Kontakt-- Prof. Dr. Mohamed Marwan, Medizinische Klinik 2, Universitätsklinikum Erlangen

Literatur bei der Verfasserin/dem Verfasser

Biomarker haben Potenzial

Dr. Karl-Patrik Kresoja, Herzzentrum Leipzig

Dr. Karl-Patrik Kresoja, Herzzentrum Leipzig

© Kresoja

Prof. Philipp Lurz, Herzzentrum Leipzig

Prof. Philipp Lurz, Herzzentrum Leipzig

© Lurz

Traditionell wird das Risiko für kardiovaskuläre Erkrankungen anhand von Faktoren wie Alter, Geschlecht, Blutdruck, Cholesterin usw. berechnet. Diese Risikoscores sind einfach zu erheben und erlauben auf große Populationen betrachtet eine gute Risikoprädiktion. Ihre Präzision auf einzelne Personen ist jedoch schlecht, da sie individuelle Unterschiede in genetischen, biologischen und Umweltfaktoren nur schwierig berücksichtigen können. Statine gelten zum Beispiel als wirksame Therapie, haben aber eine hohe „Number Needed To Treat“ (50–150), was bedeutet, dass bis zu 149 Personen unnötig behandelt werden, um einen kollektiven Effekt zu erzielen. Eine präzise Risikovorhersage ist daher entscheidend, um Prävention individueller, effektiver und kostengünstiger zu gestalten.
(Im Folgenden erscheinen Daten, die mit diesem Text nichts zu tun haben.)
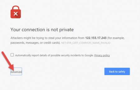 จากนั้นกดปุ่ม Proceed to ….. (unsafe) จุดคือ ชื่อเว็บของคุณ หรือ ip ของเว็บโฮสติ้ง
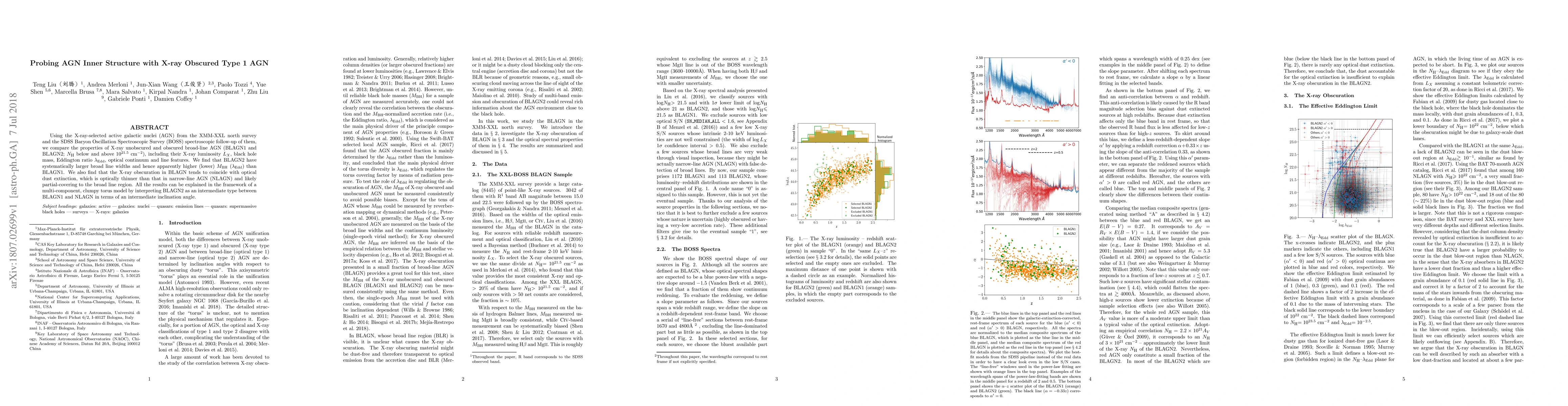 Using the X-ray-selected active galactic nuclei (AGN) from the XMM-XXL north survey and the SDSS Baryon Oscillation Spectroscopic Survey (BOSS) spectroscopic follow-up of them, we compare the properties of X-ray unobscured and obscured broad-line AGN (BLAGN1 and BLAGN2; $N_\textrm{H}$below and above $10^{21.5}$ cm$^{-2}$), including their X-ray luminosity $L_X$, black hole mass, Eddington ratio $\lambda_{\textrm{Edd}}$, optical continuum and line features. We find that BLAGN2 have systematically larger broad line widths and hence apparently higher (lower) $M_{\textrm{BH}}$ ($\lambda_{\textrm{Edd}}$) than BLAGN1. We also find that the X-ray obscuration in BLAGN tends to coincide with optical dust extinction, which is optically thinner than that in narrow-line AGN (NLAGN) and likely partial-covering to the broad line region. All the results can be explained in the framework of a multi-component, clumpy torus model by interpreting BLAGN2 as an intermediate type between BLAGN1 and NLAGN in terms of an intermediate inclination angle.

Die Verwendung von Biomarkern birgt das Potenzial, multiple Krankheitsprozesse zu verschiedenen Krankheitsstadien – also insbesondere vor Krankheitsmanifestation – abzubilden und so eine verbesserte Risikoprädiktion für individuelle Personen zu ermöglichen. Fortschritte in der Analytik erlauben es, aus geringen Mengen Blut eine Vielzahl von Proteinen zu bestimmen. Singuläre Biomarker wie LDL-Cholesterin sind einfach zu interpretieren (je höher, desto schlechter), aber beschränken sich auf einen kleinen Teil des biologischen Systems. Im Gegensatz hierzu bilden multiple Biomarker verschiedene biologische Systeme und insbesondere die Interaktion und Zusammenhänge verschiedener Systeme ab. Komplexer gestaltet sich hier allerdings die Interpretation. Machine-Learning-Algorithmen können hierbei helfen und die komplexen Interaktionen dieser Proteine zum einen modellieren und zum anderen in klinisch anwendbare Risikoprädiktion übersetzen. So konnte unlängst gezeigt werden, dass ein Multiprotein Assay analysiert mit Machine-Learning-Algorithmen etablierte klinische Risikoscores und einzelne Biomarker in der individualisierten 10-Jahres-Risikoprädiktion bei weitem übertrifft (AUC 0,67 vs. 0,93; [1]).

Es ist jedoch wichtig zu beachten, dass Biomarker allein nicht ausreichen, um eine optimale Risikovorhersage zu ermöglichen. Im Gegensatz zur Bildgebung erlauben Biomarker zwar eine hohe Standardisierung sowie eine standort- und untersucherunabhängige Reproduzierbarkeit, bilden jedoch auch wiederum nur einen Teil der menschlichen Physiologie ab. Um eine optimale Risikovorhersage für Patienten treffen zu können, ist es nötig, Biomarker mit anderen Faktoren wie klinischen Variablen und standardisierbaren Bildgebungsdaten zu kombinieren.

Erst die Kombination dieser Variablen und deren Analyse mithilfe von modernen statistischen Methoden bietet eine vielversprechende Möglichkeit, die Präzision der Risikovorhersage in der kardiovaskulären Prävention zu verbessern und ein optimales Ergebnis für jeden einzelnen Patienten zu ermöglichen. Nur durch diese individualisierte Erkennung von Risiken können frühzeitig Maßnahmen ergriffen werden, um das Risiko für kardiovaskuläre Erkrankungen zu reduzieren.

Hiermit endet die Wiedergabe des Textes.